Reputation: 5257
I am trying to use 3d conv on cifar10 data set (just for fun). I see the docs that we usually have the input be 5d tensors (N,C,D,H,W). Am I really forced to pass 5 dimensional data necessarily?
The reason I am skeptical is because 3D convolutions simply mean my conv moves across 3 dimensions/directions. So technically I could have 3d 4d 5d or even 100d tensors and then should all work as long as its at least a 3d tensor. Is that not right?
I tried it real quick and it did give an error:
import torch
def conv3d_example():
N,C,H,W = 1,3,7,7
img = torch.randn(N,C,H,W)
##
in_channels, out_channels = 1, 4
kernel_size = (2,3,3)
conv = torch.nn.Conv3d(in_channels, out_channels, kernel_size)
##
out = conv(img)
print(out)
print(out.size())
##
conv3d_example()
---------------------------------------------------------------------------
RuntimeError Traceback (most recent call last)

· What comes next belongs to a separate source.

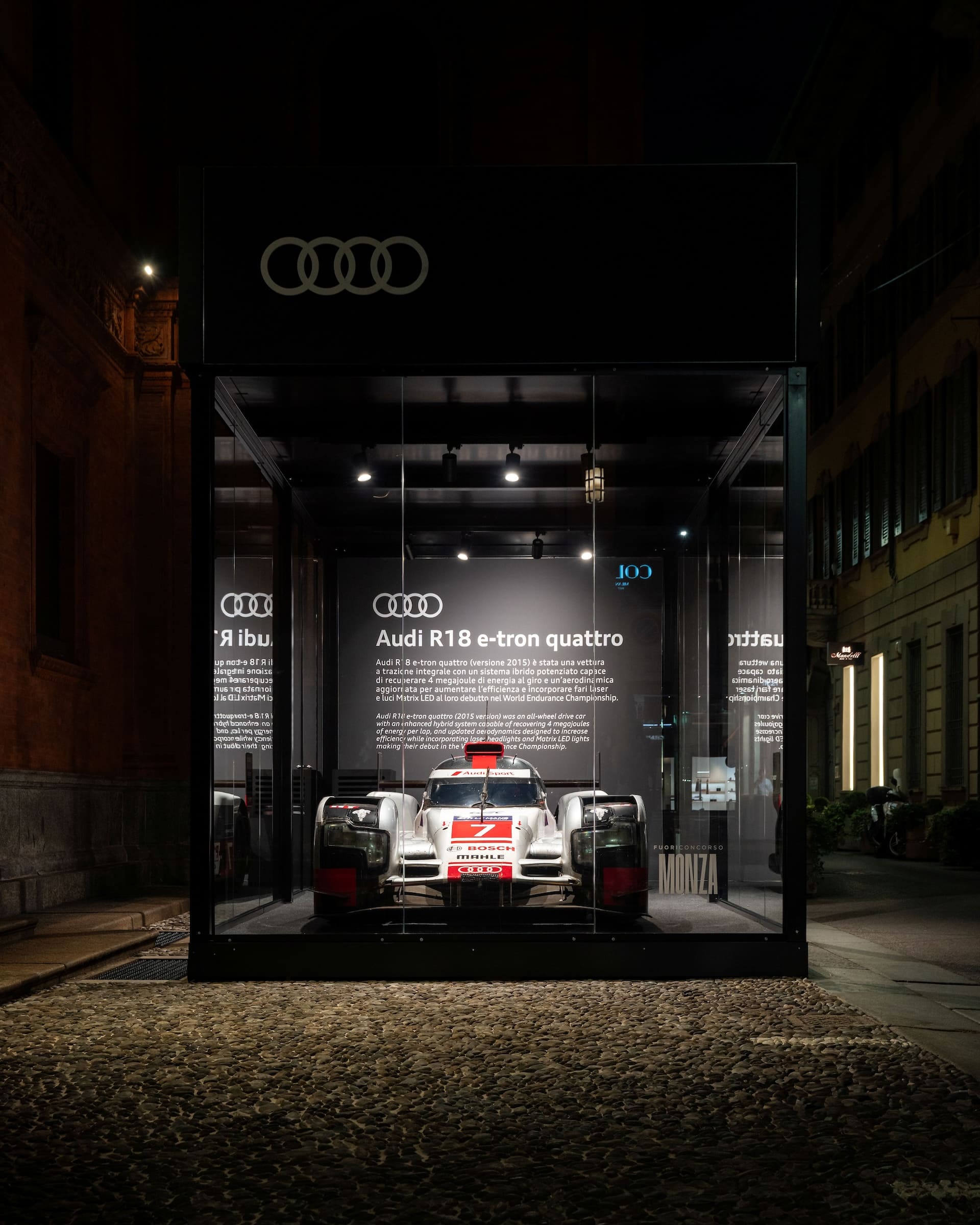 In occasione della prima edizione di FuoriConcorso – Monza, manifestazione ideata da Guglielmo Miani (presidente di Larusmiani e del MonteNapoleone District) che richiama appassionati e collezionisti di auto d’epoca e instant classic, Audi ha esposto la sua iconica vettura da competizione Audi R18 e-tron quattro. La monoposto, parcheggiata all’esterno dello storico palazzo del Museo Bagatti Valsecchi, a corredo di una selezione di vetture di Formula 1 che hanno fatto la storia del Gran Premio d’Italia a Monza.

<ipython-input-3-29c73923cc64> in <module>
15
16 ##
---> 17 conv3d_example()
<ipython-input-3-29c73923cc64> in conv3d_example()
10 conv = torch.nn.Conv3d(in_channels, out_channels, kernel_size)
11 ##
---> 12 out = conv(img)
13 print(out)
14 print(out.size())
~/anaconda3/lib/python3.7/site-packages/torch/nn/modules/module.py in __call__(self, *input, **kwargs)
491 result = self._slow_forward(*input, **kwargs)
492 else:
--> 493 result = self.forward(*input, **kwargs)
494 for hook in self._forward_hooks.values():
495 hook_result = hook(self, input, result)
~/anaconda3/lib/python3.7/site-packages/torch/nn/modules/conv.py in forward(self, input)
474 self.dilation, self.groups)
475 return F.conv3d(input, self.weight, self.bias, self.stride,
--> 476 self.padding, self.dilation, self.groups)
477
478
RuntimeError: Expected 5-dimensional input for 5-dimensional weight 4 1 2 3, but got 4-dimensional input of size [1, 3, 7, 7] instead
cross posted:
Upvotes: 1
Views: 4492
Reputation: 26004
Let's review what we know, for a 3D convolution we will need to address these:
N For mini batch (or how many sequences do we want to feed at one go)
Cin For the number of channels in our input (if our image is rgb, this is 3)
D For depth or in other words the number of images/frames in one input sequence (if we are dealing videos, this is the number of frames)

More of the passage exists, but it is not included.